►

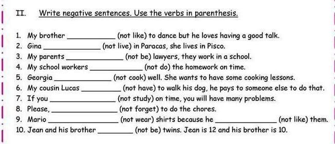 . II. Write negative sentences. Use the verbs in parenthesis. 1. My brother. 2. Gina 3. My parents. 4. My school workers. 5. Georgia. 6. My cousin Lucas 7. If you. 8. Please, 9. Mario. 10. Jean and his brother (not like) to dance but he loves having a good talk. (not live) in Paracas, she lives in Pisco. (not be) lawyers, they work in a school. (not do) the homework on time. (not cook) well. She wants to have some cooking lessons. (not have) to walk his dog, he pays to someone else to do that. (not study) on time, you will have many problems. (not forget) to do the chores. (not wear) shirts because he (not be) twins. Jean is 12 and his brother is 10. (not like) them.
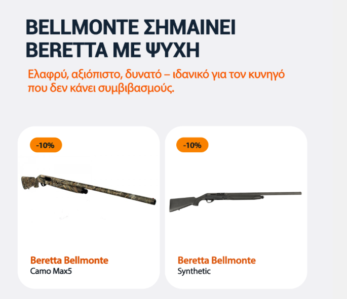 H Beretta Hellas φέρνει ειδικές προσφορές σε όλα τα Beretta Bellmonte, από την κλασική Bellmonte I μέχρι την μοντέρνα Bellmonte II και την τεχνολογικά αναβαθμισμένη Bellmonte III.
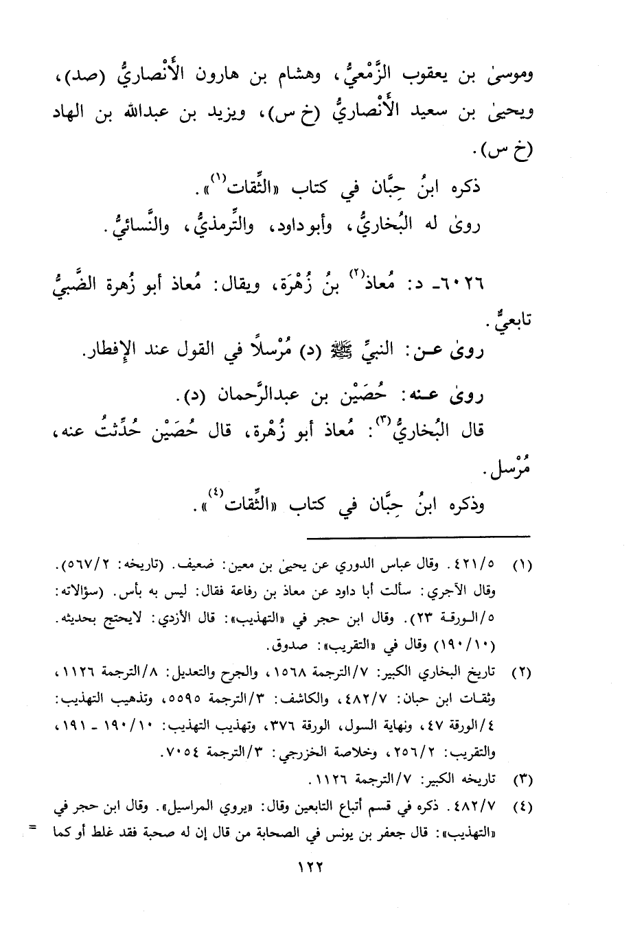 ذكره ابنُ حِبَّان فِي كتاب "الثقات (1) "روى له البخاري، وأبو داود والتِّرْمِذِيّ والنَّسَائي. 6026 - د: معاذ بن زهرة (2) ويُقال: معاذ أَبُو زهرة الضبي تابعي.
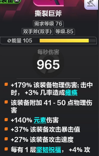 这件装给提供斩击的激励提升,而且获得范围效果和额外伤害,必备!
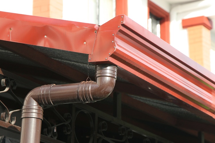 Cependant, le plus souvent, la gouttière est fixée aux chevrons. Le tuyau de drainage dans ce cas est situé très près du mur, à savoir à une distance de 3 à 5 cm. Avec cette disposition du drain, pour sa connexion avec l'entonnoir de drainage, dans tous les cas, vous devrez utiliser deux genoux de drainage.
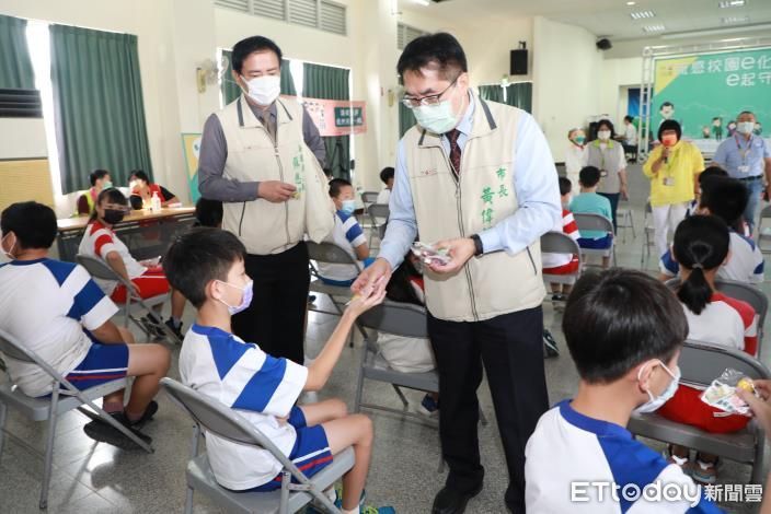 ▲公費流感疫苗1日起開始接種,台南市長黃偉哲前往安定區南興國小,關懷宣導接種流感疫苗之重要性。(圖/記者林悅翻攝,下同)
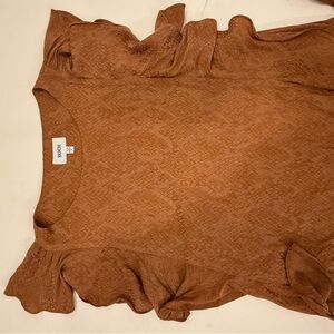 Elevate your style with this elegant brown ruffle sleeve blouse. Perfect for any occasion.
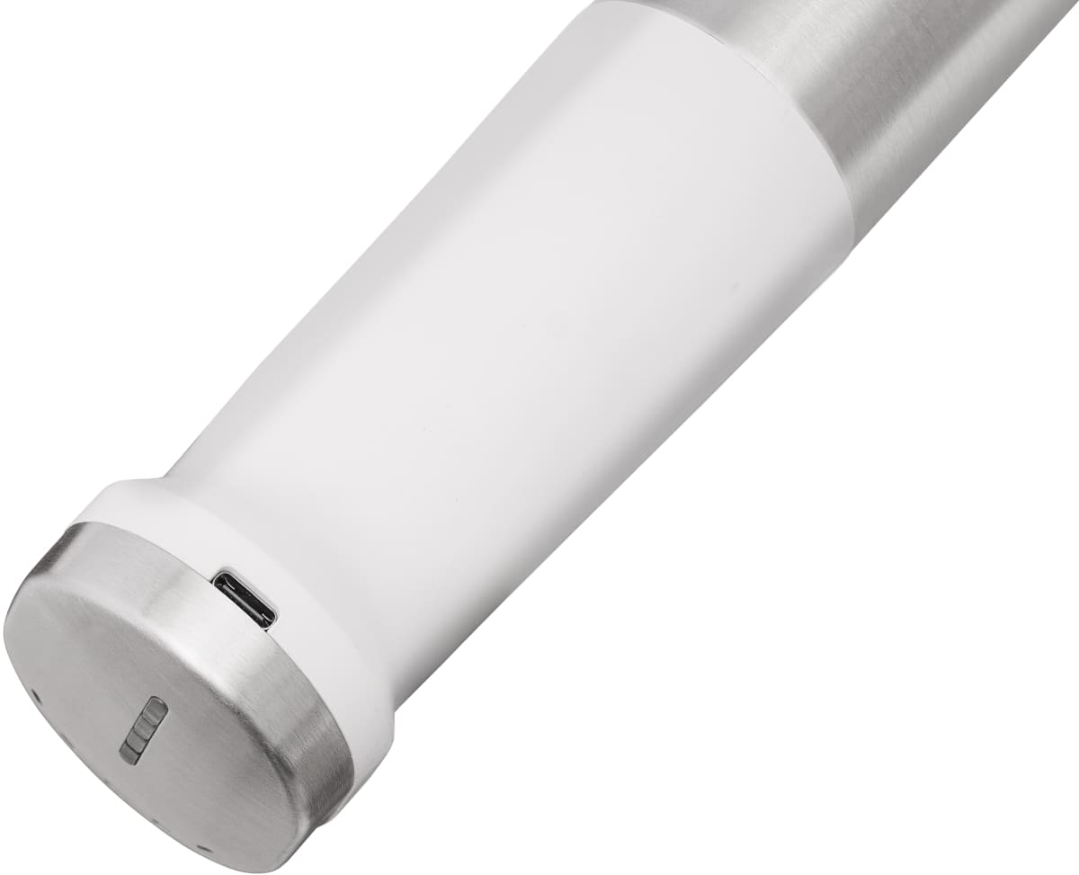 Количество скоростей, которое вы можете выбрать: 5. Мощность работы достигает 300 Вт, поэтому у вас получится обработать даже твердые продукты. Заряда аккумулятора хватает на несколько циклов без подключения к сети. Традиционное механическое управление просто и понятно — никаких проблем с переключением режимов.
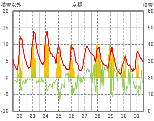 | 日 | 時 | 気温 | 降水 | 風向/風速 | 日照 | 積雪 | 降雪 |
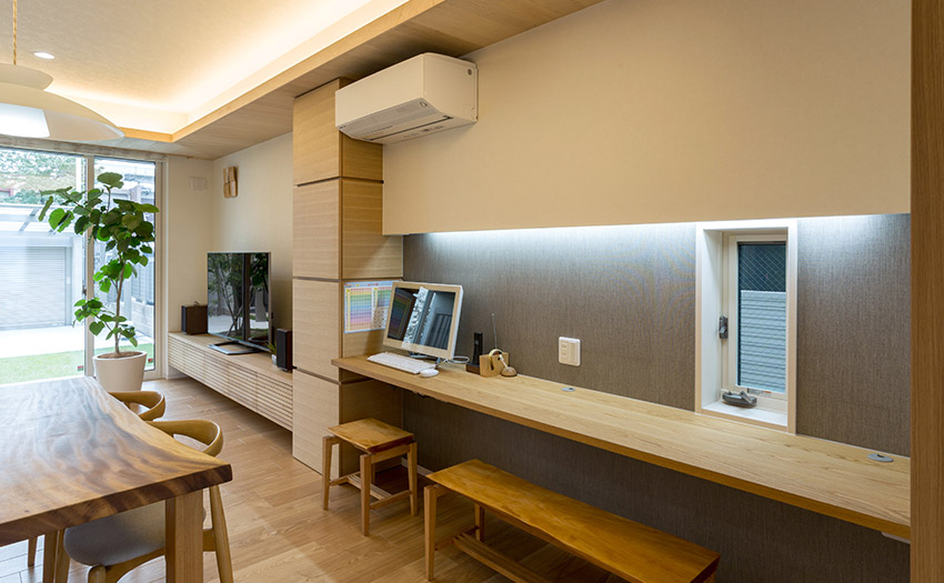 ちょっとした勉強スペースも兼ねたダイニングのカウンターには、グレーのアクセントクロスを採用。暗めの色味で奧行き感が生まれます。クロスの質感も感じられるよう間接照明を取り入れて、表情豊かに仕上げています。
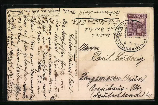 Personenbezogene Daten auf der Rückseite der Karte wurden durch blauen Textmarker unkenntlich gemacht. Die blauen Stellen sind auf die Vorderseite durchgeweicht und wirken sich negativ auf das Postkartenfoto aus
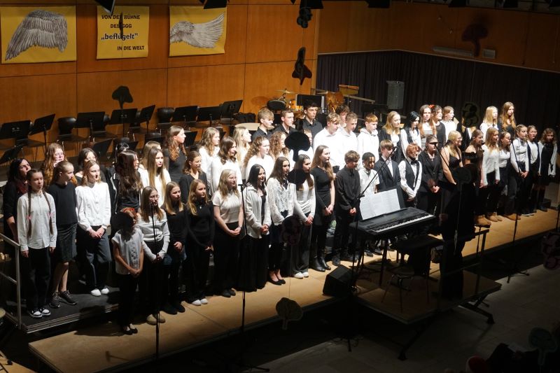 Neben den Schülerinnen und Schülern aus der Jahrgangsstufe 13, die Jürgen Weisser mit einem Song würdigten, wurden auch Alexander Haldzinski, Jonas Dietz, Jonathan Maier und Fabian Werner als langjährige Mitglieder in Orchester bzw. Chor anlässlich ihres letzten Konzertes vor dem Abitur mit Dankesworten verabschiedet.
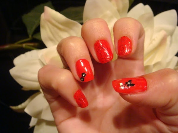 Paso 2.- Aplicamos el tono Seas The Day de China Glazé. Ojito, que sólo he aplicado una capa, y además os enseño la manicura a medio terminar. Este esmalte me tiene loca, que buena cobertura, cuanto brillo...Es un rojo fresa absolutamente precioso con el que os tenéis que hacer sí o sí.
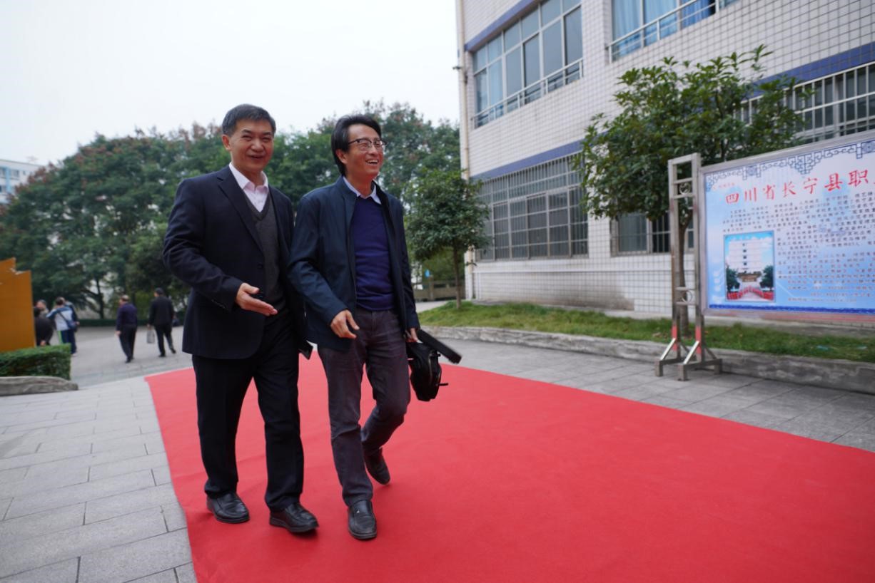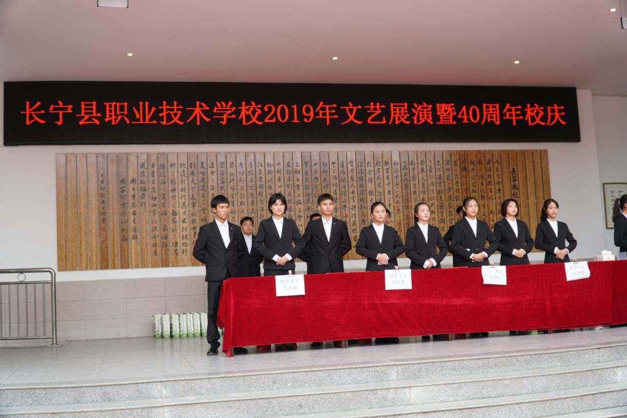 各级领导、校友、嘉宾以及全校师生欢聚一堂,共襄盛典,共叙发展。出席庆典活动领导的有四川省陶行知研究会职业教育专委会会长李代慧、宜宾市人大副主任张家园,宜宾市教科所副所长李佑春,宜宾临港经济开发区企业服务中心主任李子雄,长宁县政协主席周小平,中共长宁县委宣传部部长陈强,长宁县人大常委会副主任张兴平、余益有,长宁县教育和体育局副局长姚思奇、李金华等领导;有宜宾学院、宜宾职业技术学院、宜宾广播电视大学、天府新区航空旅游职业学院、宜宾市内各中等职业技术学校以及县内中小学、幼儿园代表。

◄

The records above should be copied word for word, with the pictures left out.

# Written answer
 . II. Write negative sentences. Use the verbs in parenthesis. 1. My brother. 2. Gina 3. My parents. 4. My school workers. 5. Georgia. 6. My cousin Lucas 7. If you. 8. Please, 9. Mario. 10. Jean and his brother (not like) to dance but he loves having a good talk. (not live) in Paracas, she lives in Pisco. (not be) lawyers, they work in a school. (not do) the homework on time. (not cook) well. She wants to have some cooking lessons. (not have) to walk his dog, he pays to someone else to do that. (not study) on time, you will have many problems. (not forget) to do the chores. (not wear) shirts because he (not be) twins. Jean is 12 and his brother is 10. (not like) them.
 H Beretta Hellas φέρνει ειδικές προσφορές σε όλα τα Beretta Bellmonte, από την κλασική Bellmonte I μέχρι την μοντέρνα Bellmonte II και την τεχνολογικά αναβαθμισμένη Bellmonte III.
 ذكره ابنُ حِبَّان فِي كتاب "الثقات (1) "روى له البخاري، وأبو داود والتِّرْمِذِيّ والنَّسَائي. 6026 - د: معاذ بن زهرة (2) ويُقال: معاذ أَبُو زهرة الضبي تابعي.
 这件装给提供斩击的激励提升,而且获得范围效果和额外伤害,必备!
 Cependant, le plus souvent, la gouttière est fixée aux chevrons. Le tuyau de drainage dans ce cas est situé très près du mur, à savoir à une distance de 3 à 5 cm. Avec cette disposition du drain, pour sa connexion avec l'entonnoir de drainage, dans tous les cas, vous devrez utiliser deux genoux de drainage.
 ▲公費流感疫苗1日起開始接種,台南市長黃偉哲前往安定區南興國小,關懷宣導接種流感疫苗之重要性。(圖/記者林悅翻攝,下同)
 Elevate your style with this elegant brown ruffle sleeve blouse. Perfect for any occasion.
 Количество скоростей, которое вы можете выбрать: 5. Мощность работы достигает 300 Вт, поэтому у вас получится обработать даже твердые продукты. Заряда аккумулятора хватает на несколько циклов без подключения к сети. Традиционное механическое управление просто и понятно — никаких проблем с переключением режимов.
 | 日 | 時 | 気温 | 降水 | 風向/風速 | 日照 | 積雪 | 降雪 |
 ちょっとした勉強スペースも兼ねたダイニングのカウンターには、グレーのアクセントクロスを採用。暗めの色味で奧行き感が生まれます。クロスの質感も感じられるよう間接照明を取り入れて、表情豊かに仕上げています。
 Personenbezogene Daten auf der Rückseite der Karte wurden durch blauen Textmarker unkenntlich gemacht. Die blauen Stellen sind auf die Vorderseite durchgeweicht und wirken sich negativ auf das Postkartenfoto aus
 Neben den Schülerinnen und Schülern aus der Jahrgangsstufe 13, die Jürgen Weisser mit einem Song würdigten, wurden auch Alexander Haldzinski, Jonas Dietz, Jonathan Maier und Fabian Werner als langjährige Mitglieder in Orchester bzw. Chor anlässlich ihres letzten Konzertes vor dem Abitur mit Dankesworten verabschiedet.
 Paso 2.- Aplicamos el tono Seas The Day de China Glazé. Ojito, que sólo he aplicado una capa, y además os enseño la manicura a medio terminar. Este esmalte me tiene loca, que buena cobertura, cuanto brillo...Es un rojo fresa absolutamente precioso con el que os tenéis que hacer sí o sí.
 各级领导、校友、嘉宾以及全校师生欢聚一堂,共襄盛典,共叙发展。出席庆典活动领导的有四川省陶行知研究会职业教育专委会会长李代慧、宜宾市人大副主任张家园,宜宾市教科所副所长李佑春,宜宾临港经济开发区企业服务中心主任李子雄,长宁县政协主席周小平,中共长宁县委宣传部部长陈强,长宁县人大常委会副主任张兴平、余益有,长宁县教育和体育局副局长姚思奇、李金华等领导;有宜宾学院、宜宾职业技术学院、宜宾广播电视大学、天府新区航空旅游职业学院、宜宾市内各中等职业技术学校以及县内中小学、幼儿园代表。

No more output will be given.